# AIM OF THE TASK
Exclude the pictures. Transcribe exactly, and only, the lines from the one holding "ikusten du Altunak" to the end of the material below.

# DATA BELOW
***

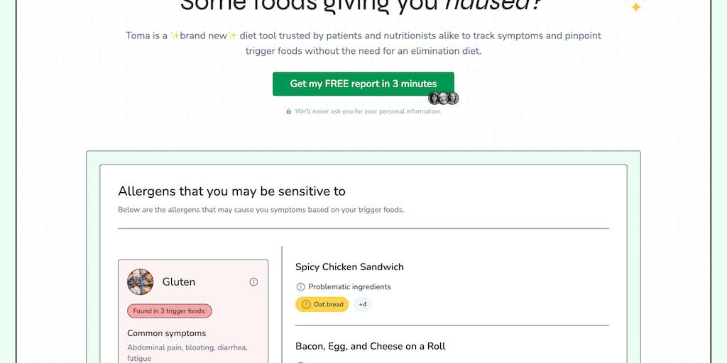 Toma is a ✨brand new✨ diet tool trusted by patients and nutritionists alike to track symptoms and pinpoint trigger foods without the need for an elimination diet. Currently, we let users perform elimi
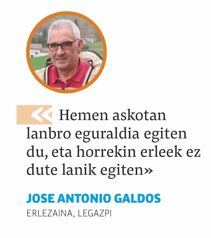 Etorkizuna «oso beltz» ikusten du Altunak Gipuzkoan. «Ni ez nabil ondo, eta nire inguruan ere jendea txepelduta dago. Urte osoa lan egin, eta hilabete bakar batean ia erle guztiak izorratzen zaizkizu. Inpotentzia handia da».
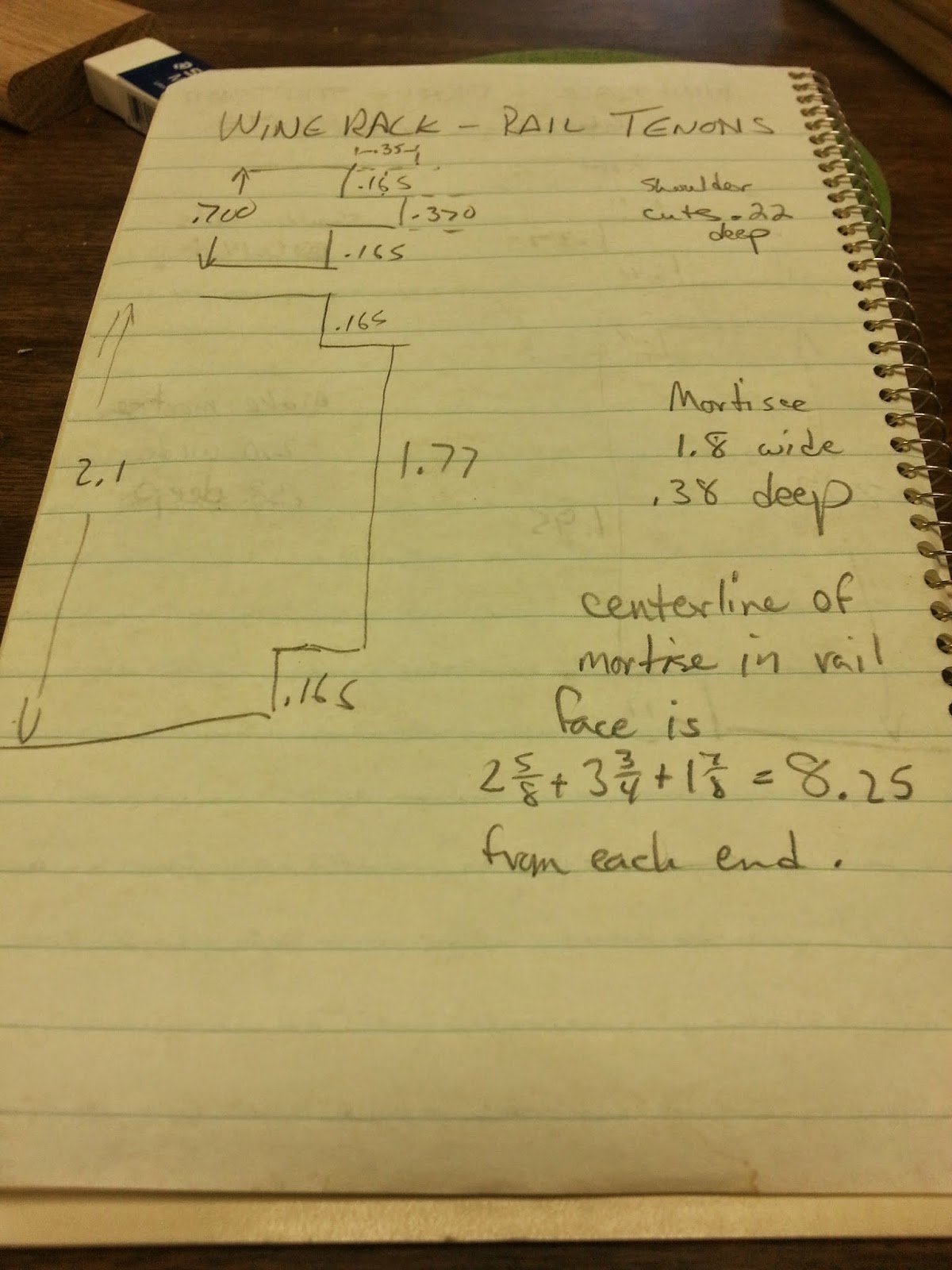 I milled 20 stretchers, plus enough extra for some test pieces, and then started creating the tenons. First, I had to establish the exact dimensions of the tenon. No need to try to decipher the figure below; it's just there so I can refer to it later. If you are really curious, double-click it to get the full-sized version.

***

# WRITTEN RESPONSE
 Etorkizuna «oso beltz» ikusten du Altunak Gipuzkoan. «Ni ez nabil ondo, eta nire inguruan ere jendea txepelduta dago. Urte osoa lan egin, eta hilabete bakar batean ia erle guztiak izorratzen zaizkizu. Inpotentzia handia da».
 I milled 20 stretchers, plus enough extra for some test pieces, and then started creating the tenons. First, I had to establish the exact dimensions of the tenon. No need to try to decipher the figure below; it's just there so I can refer to it later. If you are really curious, double-click it to get the full-sized version.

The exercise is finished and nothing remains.